Ouve-se falar mais em bloqueio de escritor, aqueles períodos de total esterilidade criativa que vez em quando atormentam os profissionais da escrita. Para os autores, um verdadeiro inferno, pois sempre desconfiam de que nunca mais voltarão a escrever. Geralmente, passa, mas às vezes, não. E aí não há o que fazer. Não há mais o que se dizer ou não se sabe mais como fazê-lo.
Se o primeiro livro do autor é um grande sucesso de crítica e de público, não é fácil escrever o segundo. Inevitavelmente surge a velha dúvida: será que conseguirei produzir algo do mesmo nível? Instala-se então o bloqueio, em geral agravado pela pressão do editor que quer mais um livro - e até já pagou por ele. Haja estresse para o coitado do escritor.
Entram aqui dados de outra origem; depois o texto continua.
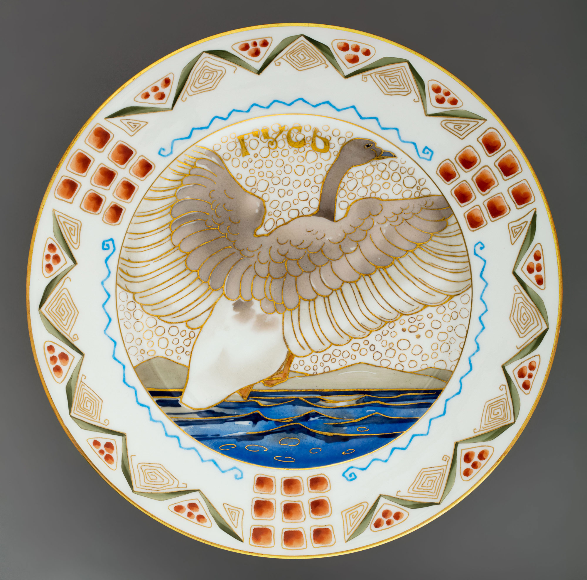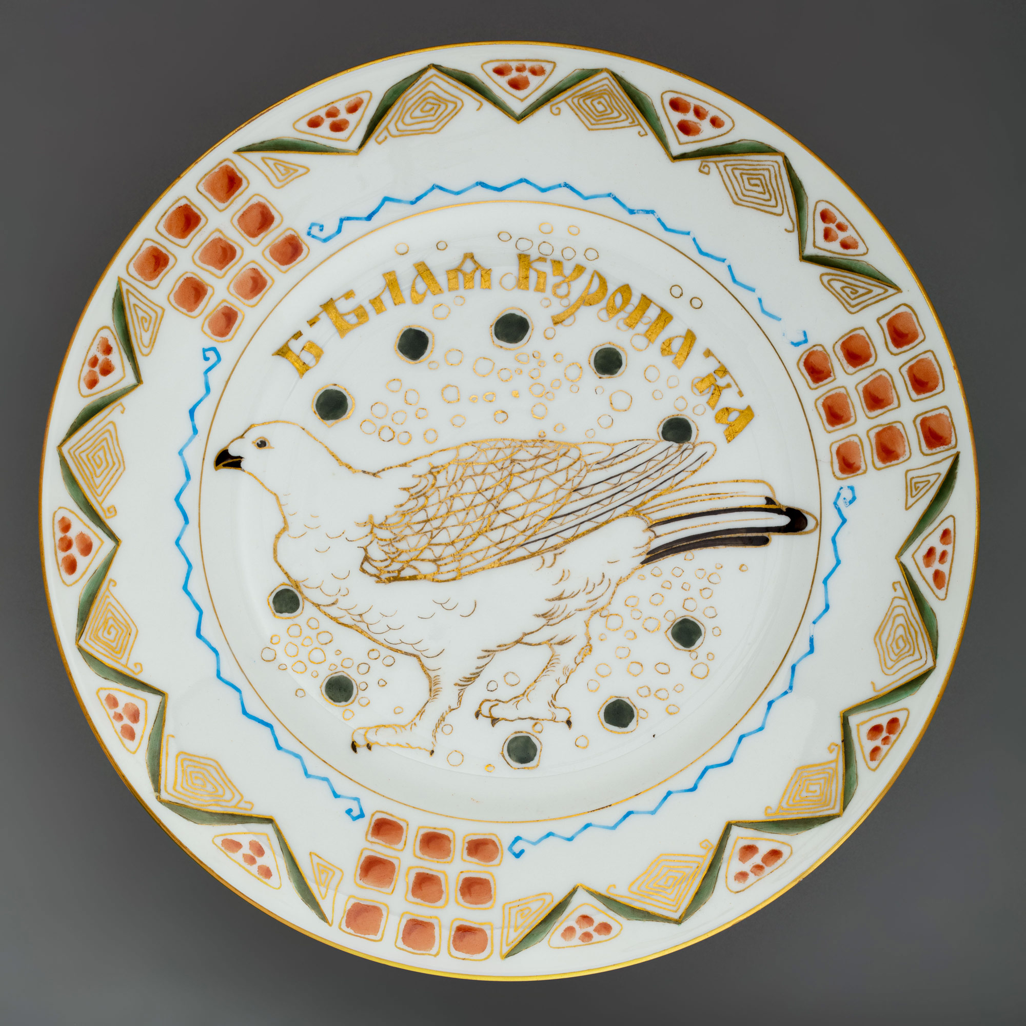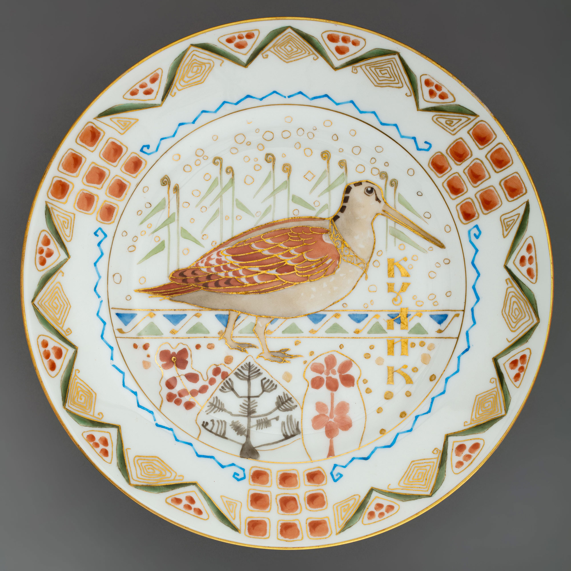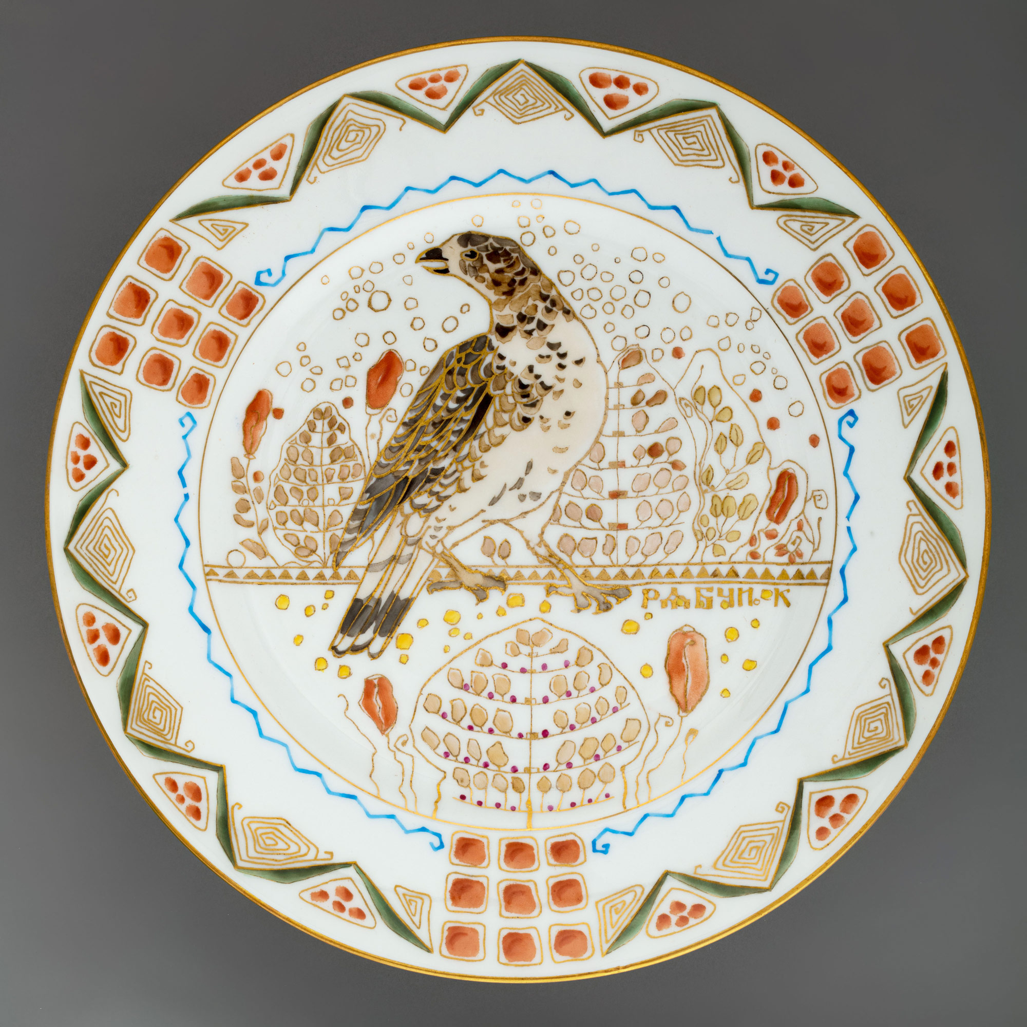 Надписи: на обороте надглазурно от руки красным — Teal duck, Moorcock, Wild goose, Siberian partridge

Em outros casos, a imaginação do autor simplesmente se exauriu, ele (ou ela) não consegue mais inventar nada no âmbito da ficção. Resta-lhe talvez a possibilidade de partir para a não ficção, o que não é fácil, pois esta exige requisitos que vão muito além da imaginação. A produção de ensaios, por exemplo, supõe um bom embasamento intelectual; já as biografias, não podem ser feitas sem muita pesquisa. Tem muito contista e muito romancista que não consegue dar esse salto.
Já o bloqueio de leitor é menos falado, mas também existe, como bem sabem os consumidores contumazes de literatura. O fenômeno não repercute porque se trata de experiência restrita ao leitor, sem consequências que ultrapassem sua esfera pessoal. Ou seja, o bloqueio de leitor não afeta ninguém, salvo o infeliz bloqueado. Diferente do que ocorre com os escritores, que têm uma carreira e contratos a cumprir.
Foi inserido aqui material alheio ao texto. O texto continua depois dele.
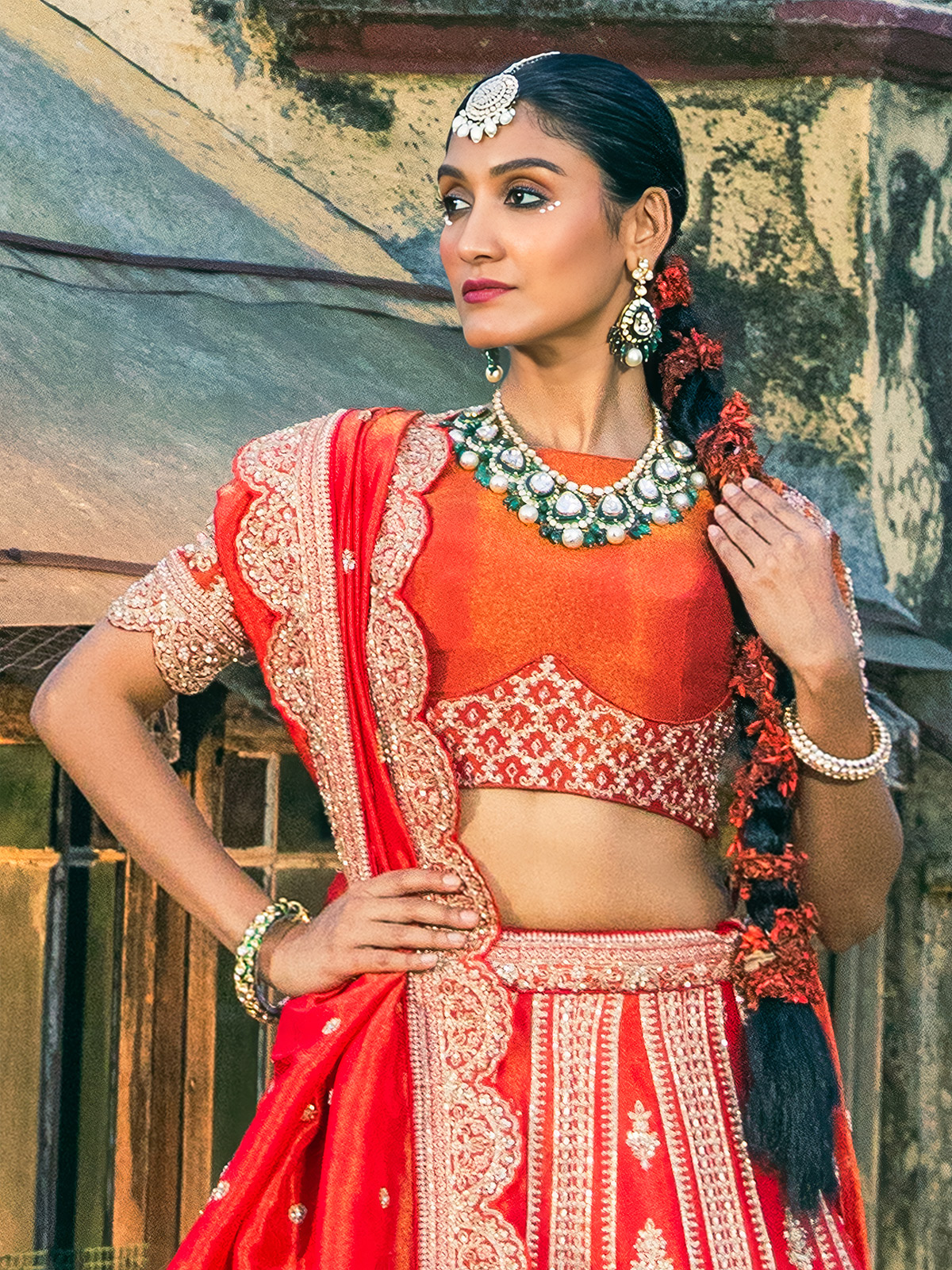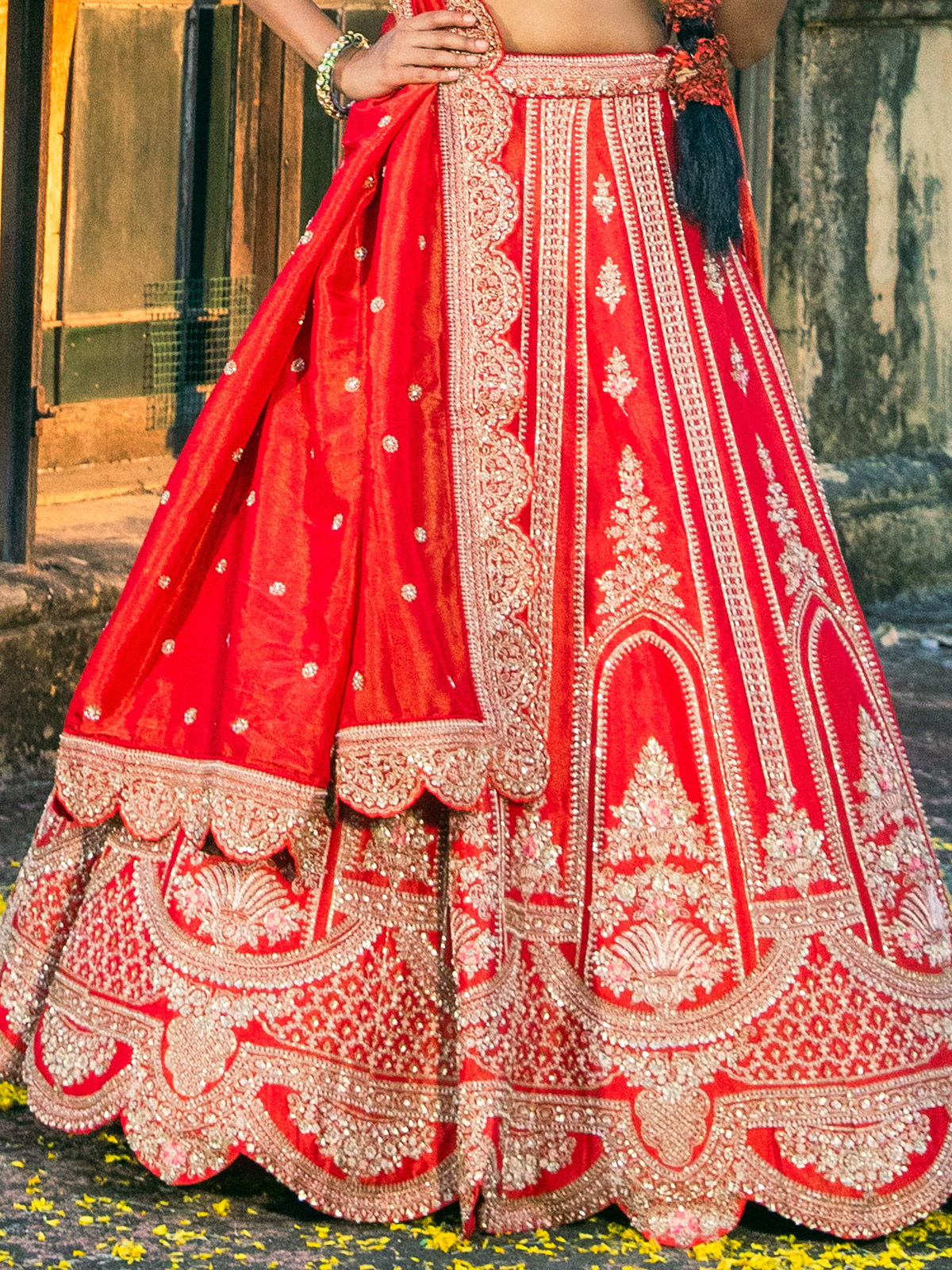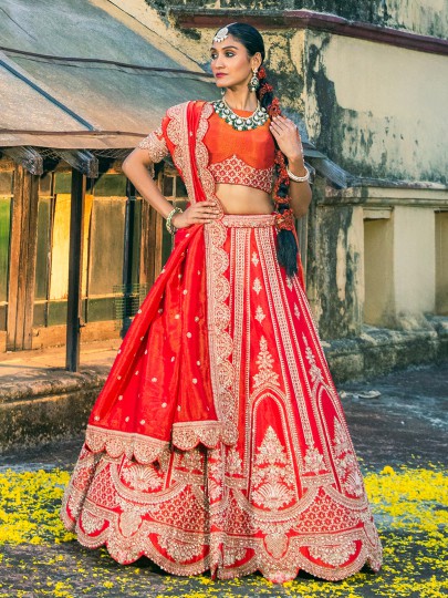 Designed to complement a brides glowing elegance, this red raw silk unstitched lehenga choli reflects cultural richness and wedding grandeur. The fabrics natural sheen enhances festive styling. Detailed with beads, resham, cutdana and sequins, it comes with an intricately embellished dupatta suited for bridal occasions.
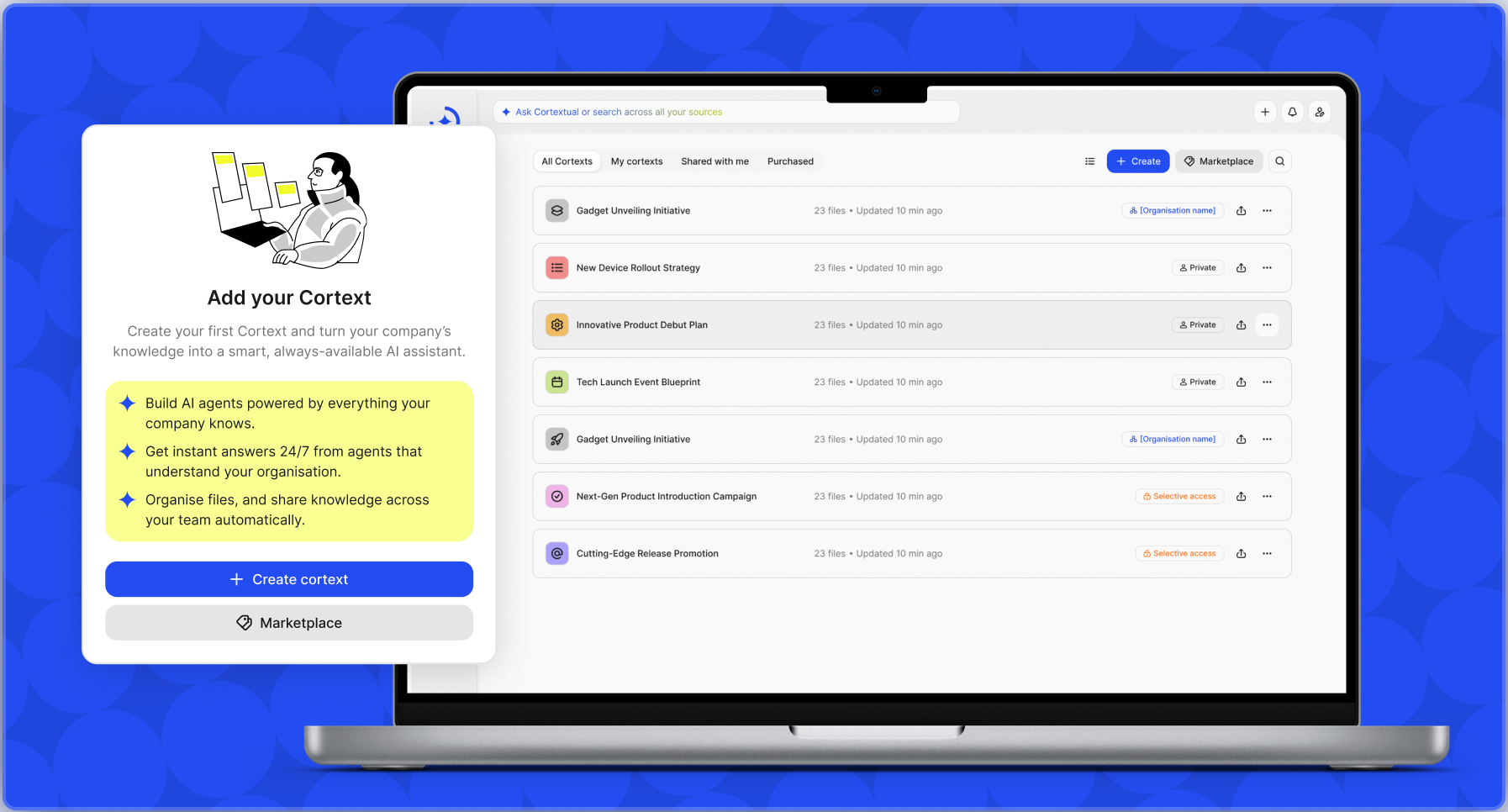 Your expertise doesn’t have to live in presentations or meetings alone. Package your know-how into Cortexts trained on your data, and give clients direct access to your insights anytime they need them.

Acontece comigo, por exemplo, quando termino a leitura de um livro do qual muito gostei. Não precisa ser um calhamaço, pode ser um volume fininho, mas tem que me causar alguma impressão, de tal modo que, ao seu término, reste em mim uma espécie de vazio que, temporariamente, outro livro não consiga preencher. Eis aí, portanto, configurado o bloqueio. Durante um certo tempo, mais ou menos longo, fico sem me interessar por nenhuma leitura, incomodado por essa abstinência compulsória. O escritor e diplomata Ary Quintella assim descreve seu sofrimento de leitor bloqueado: “Olho para as minhas estantes, suspiro e penso comigo mesmo: ‘Não tenho interesse por nenhum desses livros. Nenhum deles é o livro que quero ler’. O bloqueio de leitor é algo insuportável. Falta algo na vida, e não sei como preencher o vazio” (Geografia do Tempo, Andrea Jakobson Estúdio Editorial Ltda., Rio de Janeiro, 2025). Descrição perfeita.
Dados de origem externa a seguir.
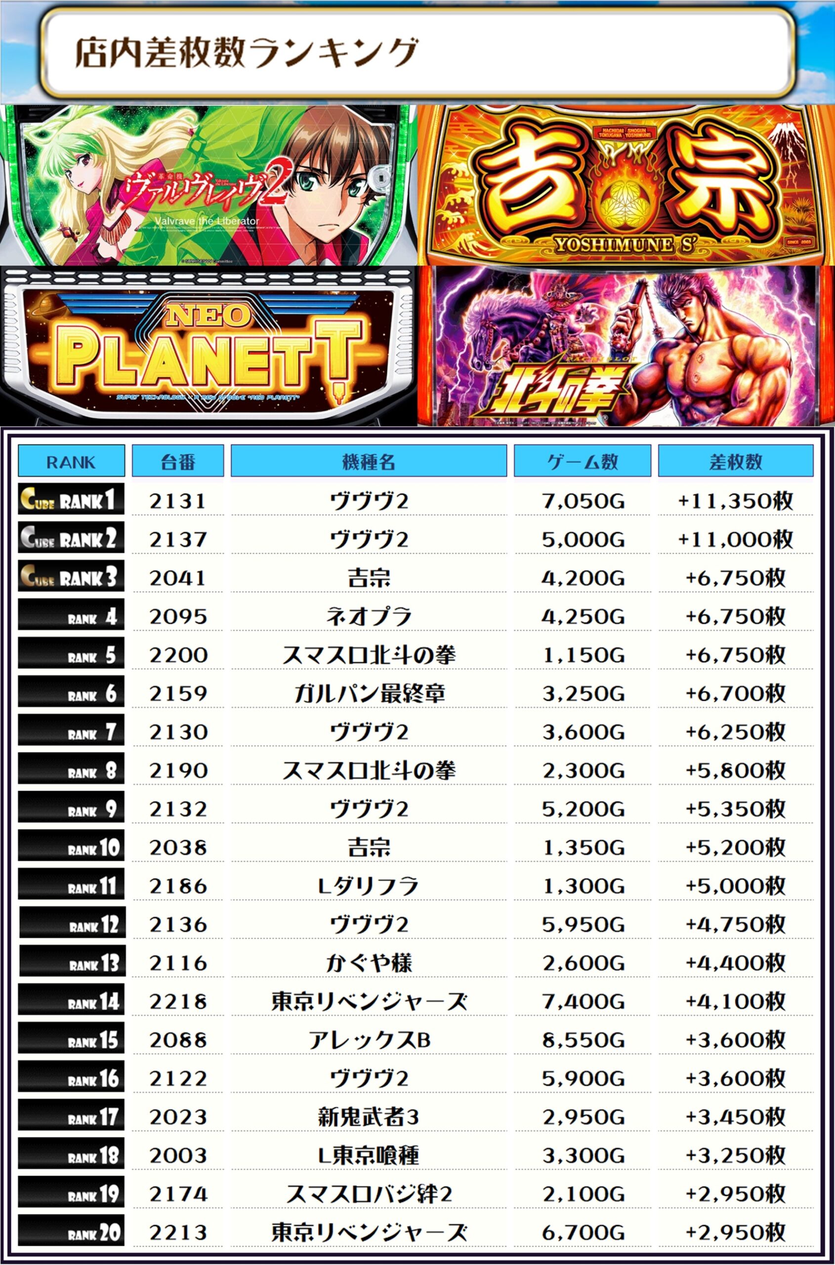 2位には【ヴヴヴ2・2137番台】の+11,000枚、3位には【吉宗・2041番台】の+6,750枚がランクインっ🏆🏆🏆
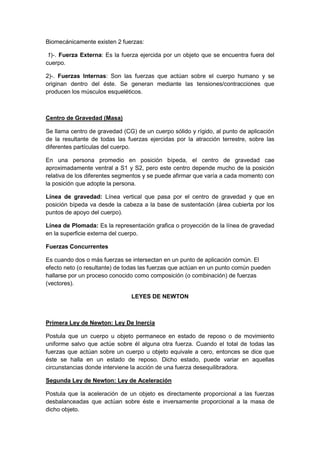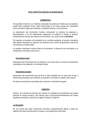 1) La guía presenta conceptos básicos de biomecánica, incluyendo cinemática (descripción del movimiento sin fuerzas), cinética (fuerzas que inducen movimiento), y leyes de Newton. 2) Explica que el esqueleto humano funciona como un sistema de palancas y describe los tres tipos de palancas. 3) Detalla cómo las fuerzas afectan los tejidos y el desarrollo óseo, el cual es más maleable durante la juventud.
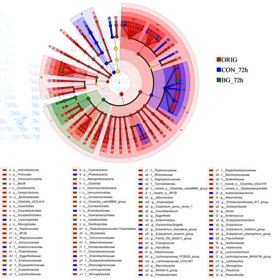Lefse analysis of gut microbiota. ORIG: the initial gut microbiota without fermentation; CON_72h: fermentation without carbohydrate addition for 72 h; BG_72h: fermentation with BG136 supplement for 72 h.

Quando o bloqueio acontece, não há o que fazer, a não ser esperar. Esperar indefinidamente que ele passe e a vontade de ler algo retorne, como a fome depois do fastio. A volta do apetite pode se dar com livro novo ou com livro já lido, depende de cada caso. E para isso não tem explicação, já que a cada vez o retorno aos livros se manifesta de um jeito único, irrepetível. Assim como, após uma longa abstinência, a vontade de comer se dirige umas vezes a um suculento assado e outras a uma simples fruta.
A procura por um livro que rompa o bloqueio varia. Correr os olhos pelas estantes de casa sempre ajuda. De repente, o olhar pode se deter num título antigo, já lido até mais de uma vez. O desejo de revisitá-lo pode surgir. Você lê a primeira página e aí sente se acertou ou não. É o livro que decide e não você, acredite. Se você vai às livrarias, físicas ou virtuais, a busca é a mesma. Pode-se encontrar um lançamento do nosso agrado - ou não. É uma loteria. Nessas horas, uma simples obra de entretenimento pode resolver mais facilmente o bloqueio que uma de literatura sofisticada. As memórias, as biografias e as entrevistas costumam ser de mais fácil digestão. E, claro, as crônicas, leves petiscos que nunca perdem o sabor. Uma coisa é certa: é raro um bloqueio de leitor ser vencido por uma obra muito densa ou muito volumosa. A inapetência requer, quase sempre, pequenas e leves degustações. Depois pode vir a disposição para iguarias mais pesadas.
Para um leitor que também escreve, o processo é menos doloroso, pois a escrita, de certo modo, substitui a leitura. O ato de escrever quase sempre ressuscita leituras, antigas e recentes. E assim o leitor se distrai – e se ocupa, sem ter um livro nas mãos.
Diferentemente do que pode acontecer com o bloqueio de escritor, o de leitor nunca é para sempre. Mais cedo ou mais tarde, ele tem fim. E o encanto com o livro, qualquer que seja, recomeça, como uma seiva vital que renova no leitor o gosto pela vida, a delícia de viver.